Hospital Course and Discharge

Our patient's hospital course was uneventful. Her admission laboratory data had revealed an increase in her cardiac biomarkers. Both creatine-kinase and B-fraction and troponin levels were compatible with her diagnosis of an acute myocardial infarction. A follow-up echocardiogram demonstrated an increase in her ejection fraction.

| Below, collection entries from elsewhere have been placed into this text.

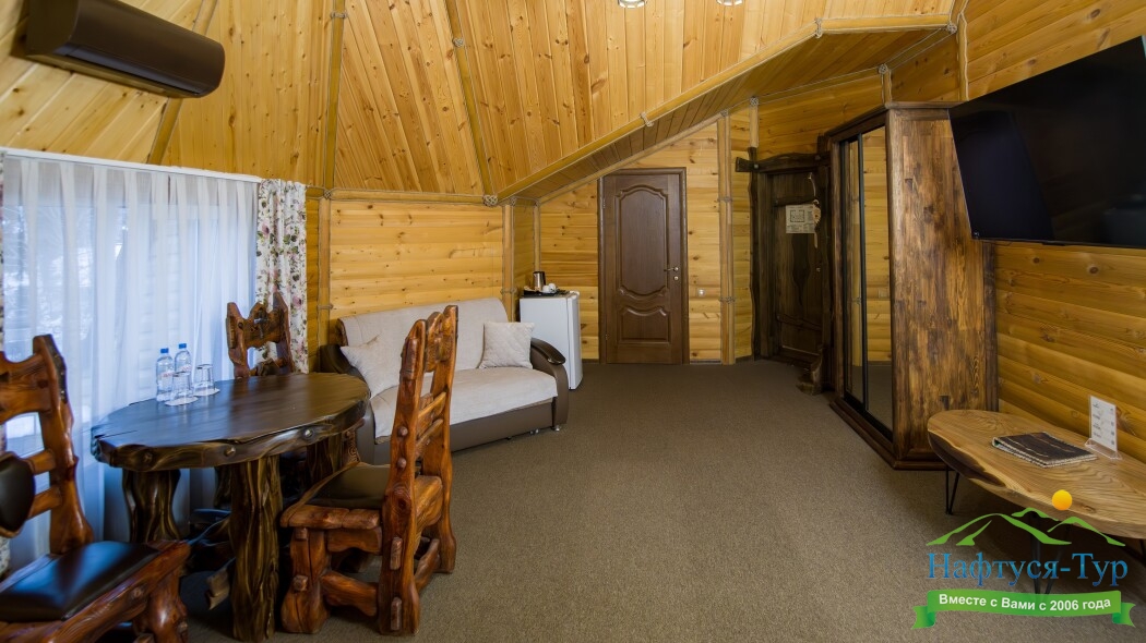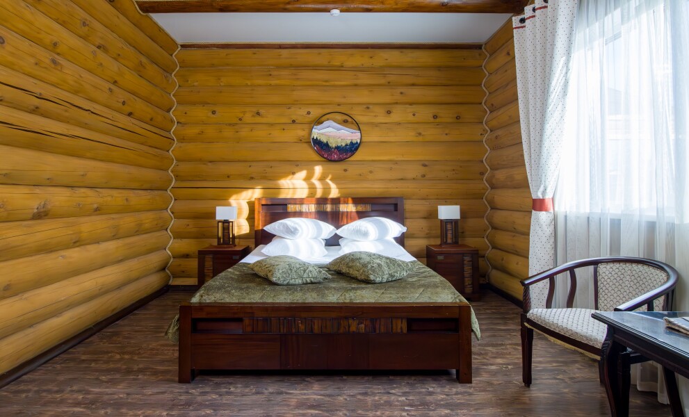 - здание отеля построено из натурального, экологически чистого материала – многовекового кедра
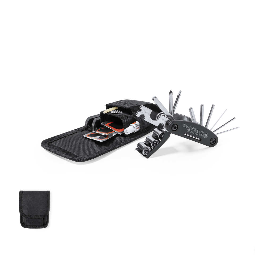 Completo kit de reparación para bici de 14 accesorios. Presentado en resistente estuche de poliéster 600D, con cierre de velcro. Producto de tipo kit reparación bici, pensado para acciones promocionales y uso diario. Este artículo está diseñado para campañas de marca, ferias y regalos corporativos. Destaca por su utilidad práctica y por su buena percepción como soporte publicitario. Permite personalización con logotipo o mensaje, reforzando la visibilidad de la marca. Es una solución versátil que se adapta a diferentes públicos y contextos. Relacionado con los términos: Kit Reparación Bici, Deporte y Aventura, Herramientas, Brico y Automóvil.
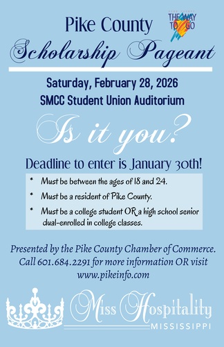 The 2026 Pike County Miss Hospitality Pageant will be held Saturday, February 28th in the SMCC Student Union Auditorium. Contestants will compete in a cocktail dress competition and present their "Pike County Tourism" commercials.
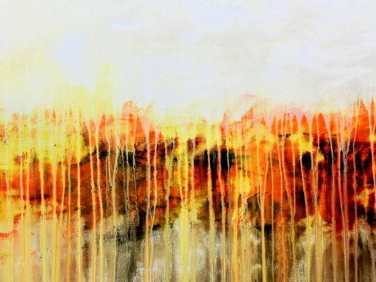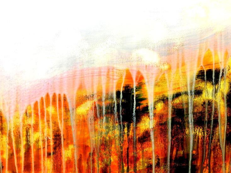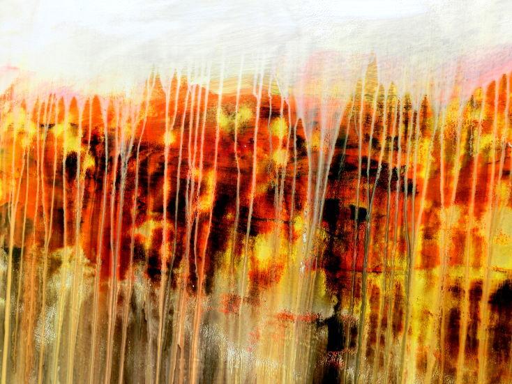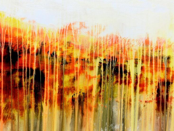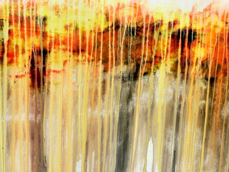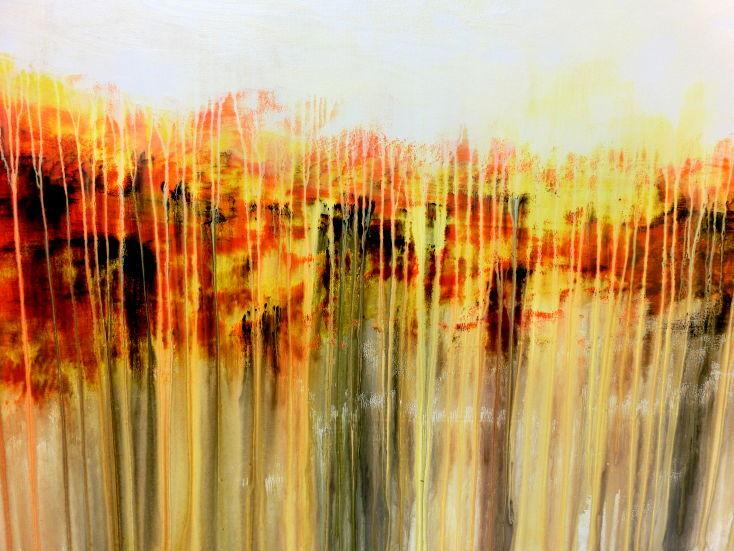 Abstraktes Acrylgemälde in orange gel weiß Fließtechnik helle Farben mediterran

Our patient's further management was initiated prior to discharge. She was advised to stop smoking, follow a low salt, low saturated fat weight loss diet and begin a lipid lowering agent. Because of her history of GI bleeding, she was begun on a proton pump inhibitor. To inhibit platetet aggregation, aspirin and clopidogrel were continued. She was also instructed in the use of nitroglycerin for chest pain. To lessen the risk of future cardiovascular events, an angiotensin converting enzyme inhibitor and an aldosterone antagonist were added to her beta blocker. She was also enrolled in an outpatient cardiac rehabilitation program and was scheduled for further follow-up evaluation in clinic.

Follow-up visit
Our patient returned in six weeks for a follow-up visit. She was asymptomatic with no evidence of heart failure. An echocardiogram showed mild anterior wall hypokinesis with an ejection fraction of forty-five percent, indicating that most of her initial left ventricular dysfunction was due to ischemic, or "stunned" myocardium, and not frank infarction. Her urgent reperfusion had successfully preserved her myocardial tissue. "Time is muscle."